# Spatialist Reverb with yuletide cheer



## jjjimi84 (Dec 22, 2021)

Here is my half of the reverb space scene that was painted for @JamieJ and I. My side is the Spatialist Reverb and it is a beautiful sounding reverb.




















I hope you all enjoy this quick little video and have a extremely happy holidays.


----------



## Harry Klippton (Dec 22, 2021)

Looking at @JamieJ side and wondering why you didn't label the bottom right control DIX 🤷


----------



## fig (Dec 22, 2021)

Love the opening tune Dan, excellent playing!  
Once again, your graphics are out of this world!


----------



## Harry Klippton (Dec 22, 2021)

That color change LED looks awesome, and that jazzmaster 😍


----------



## GizzWizzKing (Dec 22, 2021)

Channelling some Umphrey's McGee energy it feels like. Nice tones always.


----------



## jjjimi84 (Dec 22, 2021)

GizzWizzKing said:


> Channelling some Umphrey's McGee energy it feels like. Nice tones always.

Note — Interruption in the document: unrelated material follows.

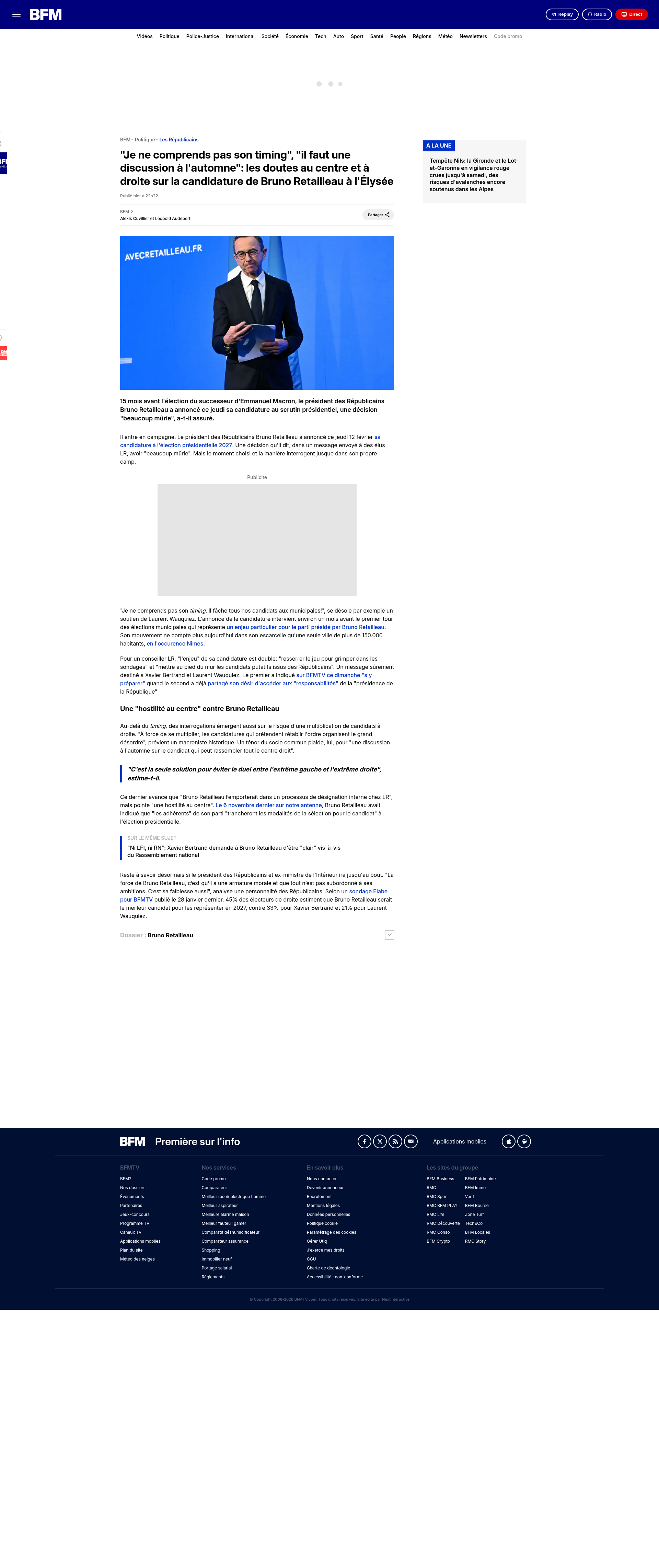 "Je ne comprends pas son timing", "il faut une discussion à l'automne": les doutes au centre et à droite sur la candidature de Bruno Retailleau à l'Élysée15 mois avant l'élection du successeur d'Emmanuel Macron, le président des Républicains Bruno Retailleau a annoncé ce jeudi sa candidature au scrutin présidentiel, une décision "beaucoup mûrie", a-t-il assuré.PNGPDF
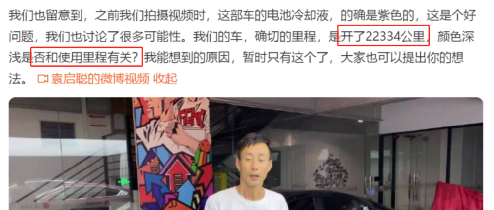 之后没多久,在网友的提醒下,袁老师发现,在之前用该车拍摄的视频中,电池冷却液的是比亚迪“量产车”图片中的偏紫色。

I attempt to in every video, some make it through the editing some dont. The intro part of glory did, @GizzWizzKing nice catch!


----------



## JamieJ (Dec 22, 2021)

This is awesome Dan! Love the LED, the design and the festive tonez. 

Have you considered clipping off pin 3 of the mix pot to keep some dry signal in all of the time? It might help get the more subtle reverb tones your after. I know that worked wonders for me on my hydra and arachnid builds.

Have a great Christmas!


----------



## jjjimi84 (Dec 22, 2021)

JamieJ said:


> This is awesome Dan! Love the LED, the design and the festive tonez.
> 
> Have you considered clipping off pin 3 of the mix pot to keep some dry signal in all of the time? It might help get the more subtle reverb tones your after. I know that worked wonders for me on my hydra and arachnid builds.
> 
> Have a great Christmas!


I am going to now, I always forget about this mod.


----------



## ADAOCE (Dec 22, 2021)

Love it man! Almost matches my quaverato! I want an astronaut on it now!


----------



## Robert (Dec 23, 2021)

Fantastic!   😀


The Touch Reverb algorithm has two little tricks up it's sleeve that aren't immediately obvious.

In both cases you'll want Sensitivity turned to Maximum.

*#1:  Synth Strings*
Dwell at Minimum
Ducking at Minimum

Strum a chord or pluck a string, let it ring for a second or two, then mute the strings.    You should have a synth-like gated reverb effect.  The reverb is nice and full but is controlled by the signal strength.   This one is a little hard to describe, you just have to hear it. =)

*#2:  (Almost) Infinite Sustain*
Dwell at Maximum
Ducking at Maximum

Quickly strum a chord then _immediately _mute the strings, don't let it decay at all.   The reverb will grab the chord and sustain it _almost_ infinitely until you play the next chord.


----------



## cooder (Dec 23, 2021)

Excellent Sir, and top notch twin paint jobbie there!


----------



## Barry (Dec 23, 2021)

Awesome, shame to split them up!


----------



## JamieJ (Dec 23, 2021)

Barry said:


> Awesome, shame to split them up!


Maybe I should send mine over to @jjjimi84 for a visit so he can get a video done?? 😂


----------



## jjjimi84 (Dec 23, 2021)

JamieJ said:


> Maybe I should send mine over to @jjjimi84 for a visit so he can get a video done?? 😂


We tempted usps fate once lets not press our luck. I will just have to build one and make a demo!

Thank you to all of you who take the time to watch these videos, it really means a lot to me.


----------



## Crash102 (Dec 23, 2021)

Wow. It looks great. I see all these examples of pristine offboard wiring and get so jealous. I seem to be getting better at all aspects of pedal building except that. 

Reminds me of being in grade school and no matter what I did, I couldn’t make my handwriting neat


----------